DATA Block Start

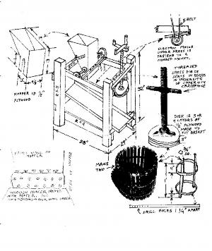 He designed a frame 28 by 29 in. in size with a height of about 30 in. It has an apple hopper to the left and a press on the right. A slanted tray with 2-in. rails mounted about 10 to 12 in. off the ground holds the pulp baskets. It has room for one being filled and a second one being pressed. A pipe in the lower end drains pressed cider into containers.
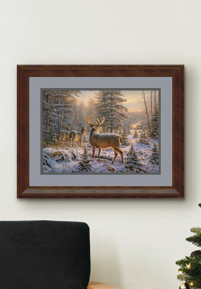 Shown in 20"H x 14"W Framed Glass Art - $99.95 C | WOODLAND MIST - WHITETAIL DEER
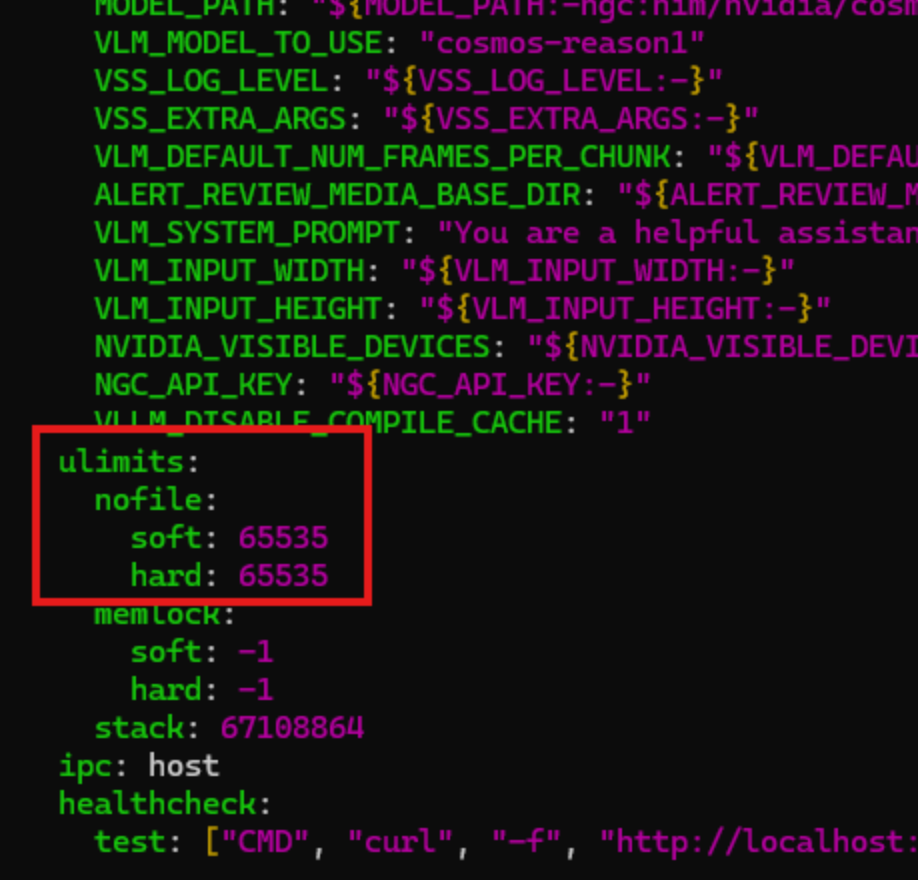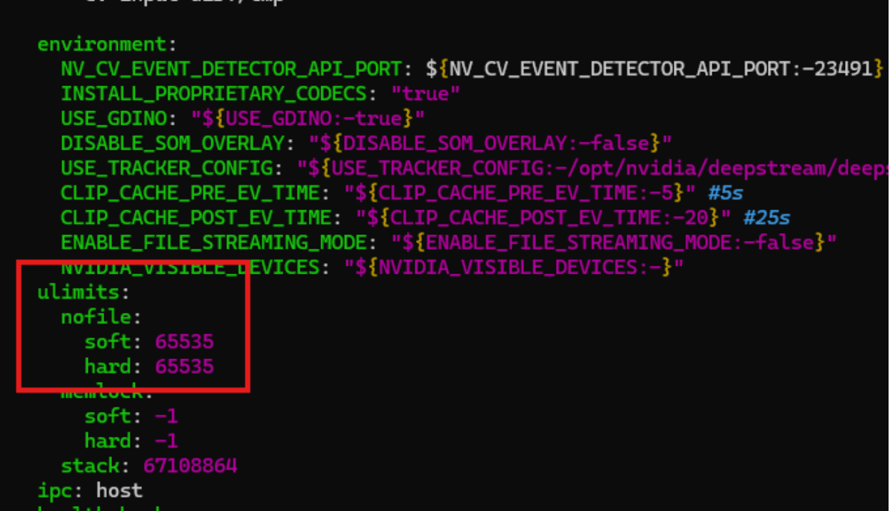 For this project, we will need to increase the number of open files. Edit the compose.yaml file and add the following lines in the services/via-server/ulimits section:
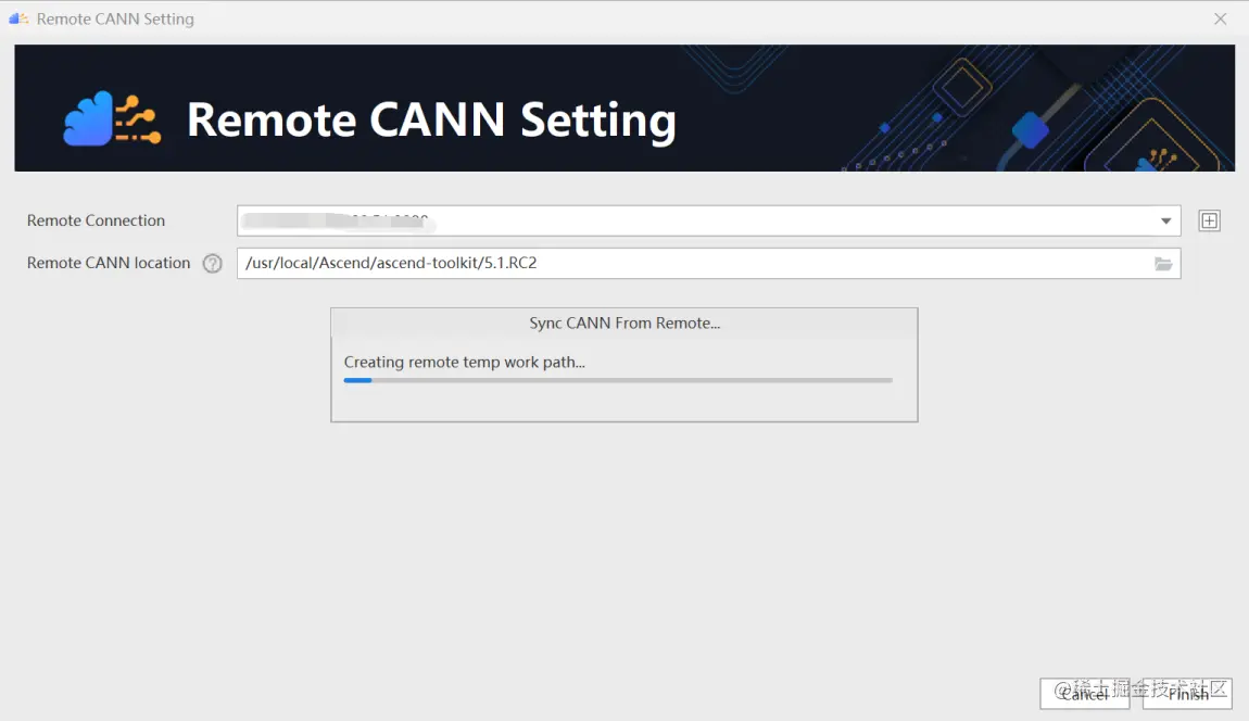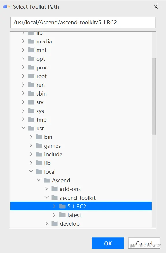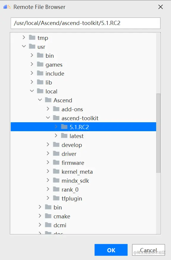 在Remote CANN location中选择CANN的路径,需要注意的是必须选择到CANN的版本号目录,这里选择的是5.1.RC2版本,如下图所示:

DATA Block End

Print the lines from the one that contains "- WHITETAIL DEER" through the last line of the data, exactly and in full, and no other lines. Pictures are not part of the copy.

 Shown in 20"H x 14"W Framed Glass Art - $99.95 C | WOODLAND MIST - WHITETAIL DEER
 For this project, we will need to increase the number of open files. Edit the compose.yaml file and add the following lines in the services/via-server/ulimits section:
 在Remote CANN location中选择CANN的路径,需要注意的是必须选择到CANN的版本号目录,这里选择的是5.1.RC2版本,如下图所示:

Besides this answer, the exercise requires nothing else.